Erma Induced Social Anxiety

Why is this picture so large?

I am stupidly excited about going to Dayton, Ohio at the end of this month. I am attending the Erma Bombeck Writer’s Workshop. This is the kind of workshop that sells out in a few hours. I feel fortunate to be attending, though luck had nothing to do with it: I obsessively refreshed the website starting a few minutes before sign up time so I could get in under the wire. I WORKED for my spot.

And I’ve been obsessed ever since. I mean, these are my PEOPLE. Or at least the people I want to be considered a part of. Strong, independent, funny women, writing true stories about strong, independent, funny women. I know from the Facebook groups that these are hilarious people: people who have already called me an “ErmaVirgin” and promised me I will make a thousand friends. I’m pretty comfortable with my ability to make friends in writing.

But what if they don’t like me when they look at my face and hear my voice? Generally speaking, I don’t give a rip if someone likes me. But these are the people I want to be. There’s a number of names of people I’ve heard of, and some I’ve admired for some time. (I’m talking about you, Jenny Lawson of Bloggess fame.)

I haven’t been this insecure since somewhere around tenth grade. All the social anxiety I thought I’d overcome has come spilling out in waves that might drown me.

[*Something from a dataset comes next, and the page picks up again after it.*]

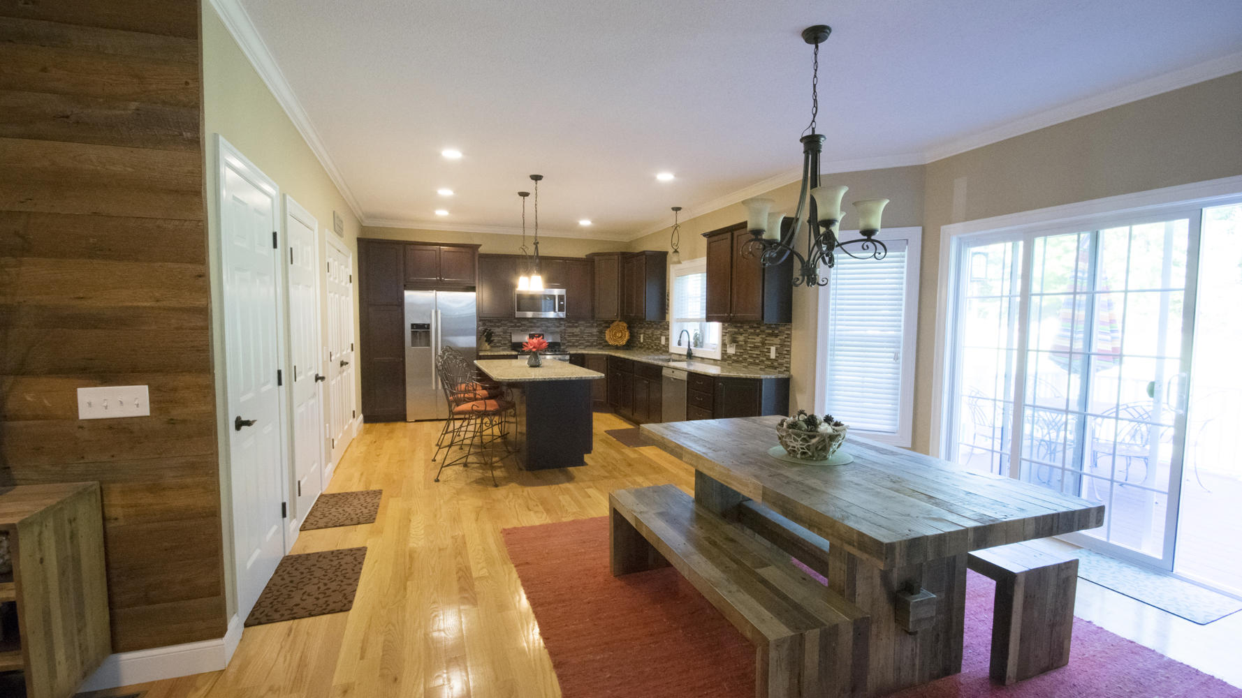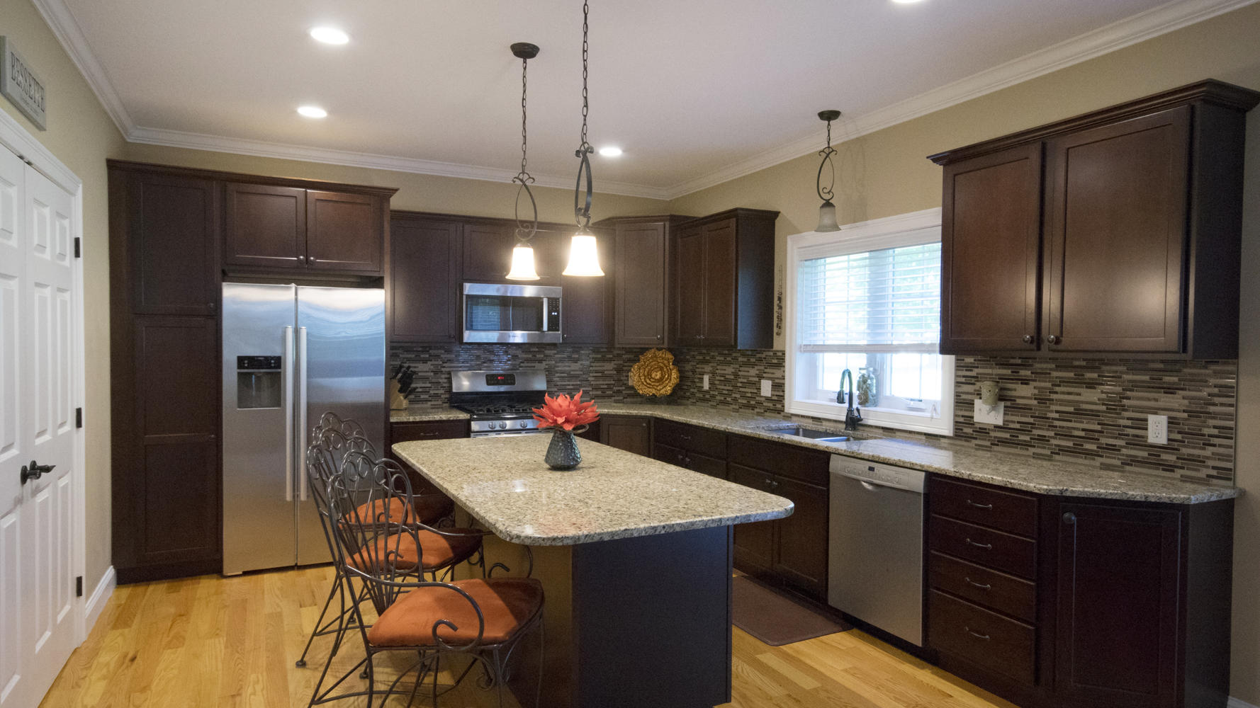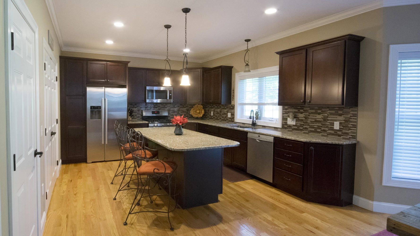 The open-concept kitchen/dining area includes granite counter-tops, custom mosaic back-splash, Energy Star rated Bosch appliances and gleaming hardwood floors throughout.

Being a detail girl as a general rule, my brain has decided to focus on the stupid details that don’t matter. My current obsession is whether or not to get a manicure prior to the Workshop. On the one hand, a manicure will make me feel more ‘put together’ and confident. On the other, it might make everyone else think that I’m the kind of person who walks around with evenly-sized nails and smooth cuticles on a regular basis. I do NOT want to give a false impression. On the OTHER hand, however, if I go with my regular raggedy nails, will everyone think I’m sloppy in general? And what if I am? Shouldn’t they love me for who I am and my sense of humor, rather than whether or not I can find an hour to go get a decent coat of polish on my nails? But what if they DON’T love me for who I am and my sense of humor? What if I turn out to be that loud, obnoxious person with a fake manicure (or nasty scullery-maid hands, depending upon my ultimate decision) who just THINKS she’s funny?

To heck with it. I’m funnier when I’m comfortable. I’ll just wear yoga pants, college t-shirts advertising events that happened in the late 80s, and no make up, just DARING everyone to judge me on something superficial.

No I won’t. I wouldn’t. I’d want to, but I can’t.

Crap. I need to go shopping. What’s the weather like in Dayton in late March/early April anyway?

I mean, I know good and well that it is only my anxious ego that is going to be paying attention to my nail beds. There are going to be 300 some-odd women (and a smattering of brave, brave men) who are too busy with their own particularized social anxiety to have the time to pay the least bit of attention to me. I shouldn’t flatter myself by thinking that anyone will give me the time of day long enough to give a flippity-flap about my hangnails.

Instead, I should worry about whether anyone will give me the time of day long enough to teach me something about writing, or to make sure I don’t have to sit at the lunch table by myself. Or, better yet, worry about whether my own social anxiety will prevent me from making friends with that other woman who has no idea what to wear and is picking at her own cuticles, trying to summon up the courage to go up to someone and say, “Hi.”

If you enjoyed this and want to read more like it, visit Lori at her website, , on Twitter, or on Facebook. For the Best of Lori, read her books, “Mismatched Shoes and Upside Down Pizza” and “The Armadillo, the Pickaxe, and the Laundry Basket.”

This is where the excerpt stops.